Mirhan Karimi Nasseri lived 18 years at Charles de Gaulle Airport in Paris and inspired Steven Spielberg’s film. station. Officials said he died Saturday at the airport.

Michel Euler/AFP

An Iranian man who lived for 18 years at Paris’s Charles de Gaulle airport and whose story loosely inspired the Steven Spielberg movie “The Terminal” died Saturday at the airport he had long called home, officials said.

Mirhan Karimi Nasseri died after suffering a heart attack in Terminal 2F at the airport this afternoon, according to an official of the Paris Airport Authority. The official said that the police and a medical team treated him but were unable to save him. The official is not authorized to reveal his name.

Nasseri lived in Terminal 1 at the airport from 1988 until 2006, initially in legal trouble because he lacked residency papers and later by his own obvious choice.

Year after year, he slept on a red plastic bench, made friends with airport workers, bathed in staff facilities, wrote in his diaries, read magazines, and surveyed travelers in transit.

The crew called him Lord Alfred, and he became a celebrity among the passengers.

“Eventually, I’m leaving the airport,” he told the Associated Press in 1999, smoking a pipe on his seat, looking frail with his long, fluffy hair, sunken eyes and hollow cheeks. “But I’m still waiting for a passport or transit visa.”

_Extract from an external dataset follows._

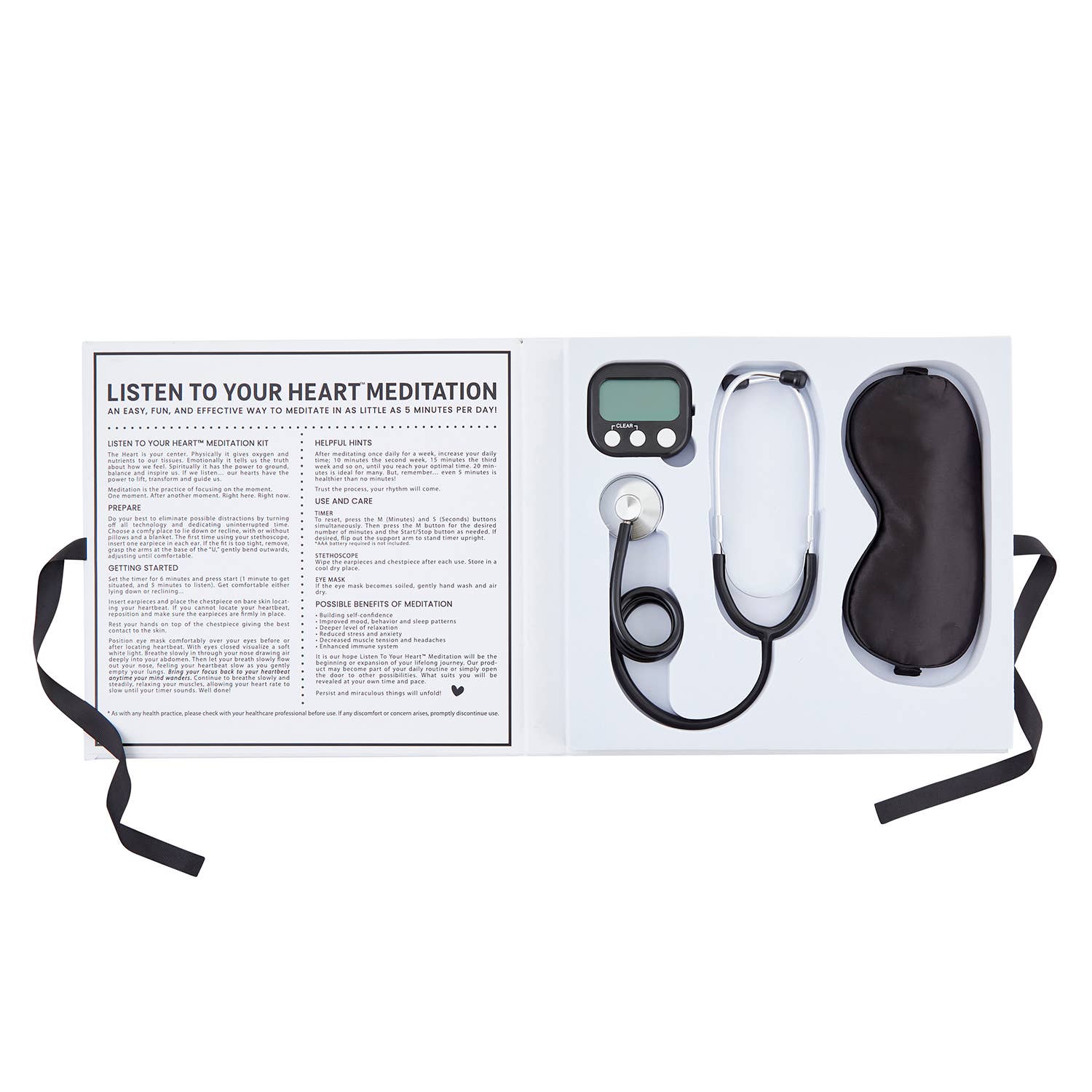 Listen To Your Heart Meditation Kit is an easy, fun, and effective way to meditate in as little as 5 minutes per day. This set includes a Stethoscope, Eye Mask, Timer, and Easy Start Guide.

Immigration laws and bureaucracy left him in a legal limbo

Nasseri was born in 1945 in Suleiman, a part of Iran under British jurisdiction at the time, to an Iranian father and a British mother. He left Iran to study in England in 1974. When he returned, he said, he was imprisoned for protesting against the Shah and expelled without a passport.

He applied for political asylum in several countries in Europe. UNHCR Belgium granted him credentials as a refugee, but he said his bag containing the refugee certificate was stolen at a Paris train station.

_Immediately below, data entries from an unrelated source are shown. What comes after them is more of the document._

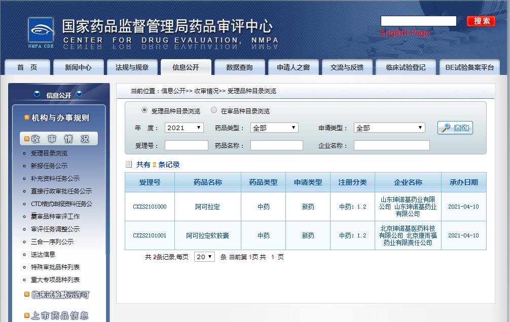 之后,在2021年4月10日,珅奧基重新按中藥注冊分類 1.2類遞交了阿可拉定的上市申請。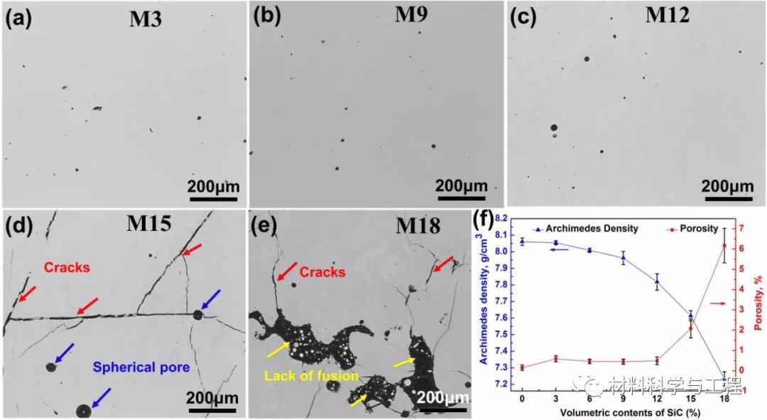 本文通过LPBF制备了含量为3、6、9、12、15、18vol% SiC颗粒增强MS基复合材料。首先,对MS-SiC复合材料的致密度进行了表征,如图1所示。在添加量低于12vol%时,复合材料内部仅存在少量气孔,且孔隙度随SiC颗粒的加入变化不大。然而,当SiC含量达到15和18vol%时,出现了一些裂纹和未熔合等缺陷。这可能是由于高热导率的SiC颗粒在冷却过程中显着增加了熔池的热导率,从而导致残余应力增加。此外,SiC的加入使得复合材料的塑性下降,最终导致了材料内部缺陷的产生。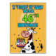 " Ich "lebe" es war Ihr 46. Geburtstag!" in Herden b-tägige Kuh des Spaßes, die eine Geburtstagskuchen-Grußkarte hält.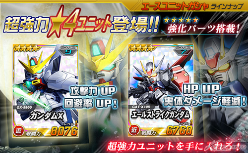 王牌機體轉蛋中,「★4 鋼彈X」、「★4 翔翼型攻擊鋼彈」、「★3 比基納‧基娜」全新登場。「★4 鋼彈X」、「★4 翔翼型攻擊鋼彈」等2台機體是搭載強化零件的強力機體。

The French police arrested him later, but could not deport him anywhere because he did not have official documents. He ended up at Charles de Gaulle in August 1988 and stayed.

More bureaucratic blunders and increasingly strict European immigration laws kept him in a no-man’s-land for years.

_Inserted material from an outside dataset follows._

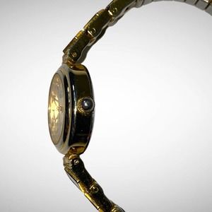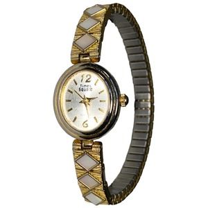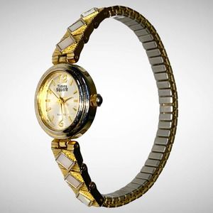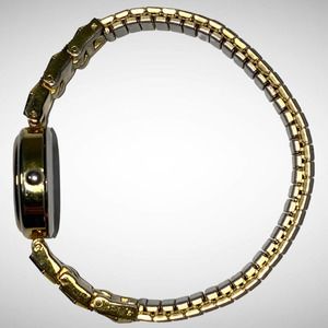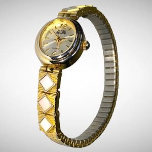 Pearlescent oval watch face with 3 geometric diamond shapes in Mother of Pearl tone above and below it along a gold band. Sweet, dainty little vintage timepiece. Wrist band is stretch and expands from 6.5 inches to approximately 8 inches. Japan quartz movement. In good condition with minimal scratches to watch face glass. Needs new battery, cannot be sure watch works- replaced battery likely is all that is required.

When he finally got asylum papers, he described his surprise and insecurity at leaving the airport. He reportedly refused to sign it, and ended up staying there several more years until he was hospitalized in 2006, later living in an asylum in Paris.

Those who befriended him at the airport said that years of living in a windowless space affected his mental state. The airport doctor in the 1990s was concerned about his physical and mental health, calling him “petrified here”. A friend of the ticket agent likened him to a prisoner unable to “live abroad”.

The airport official said Nasseri was again living in Charles de Gaulle in the weeks before his death.

Nasseri’s incredible tale inspired the 2004 film The Terminal starring Tom Hanks, as well as a French film Lost in Transit and an opera called Flight Flight.

In The Terminal, Hanks plays Victor Navorsky, a man who arrives at New York’s JFK Airport from the fictional eastern European country of Krakossia and discovers that an overnight political revolution has nullified all of his travel papers. Victor is thrown into the international airport terminal and told that he must stay there until his situation is settled, which continues as the unrest continues in Krakowski.

No information was immediately available on survivors.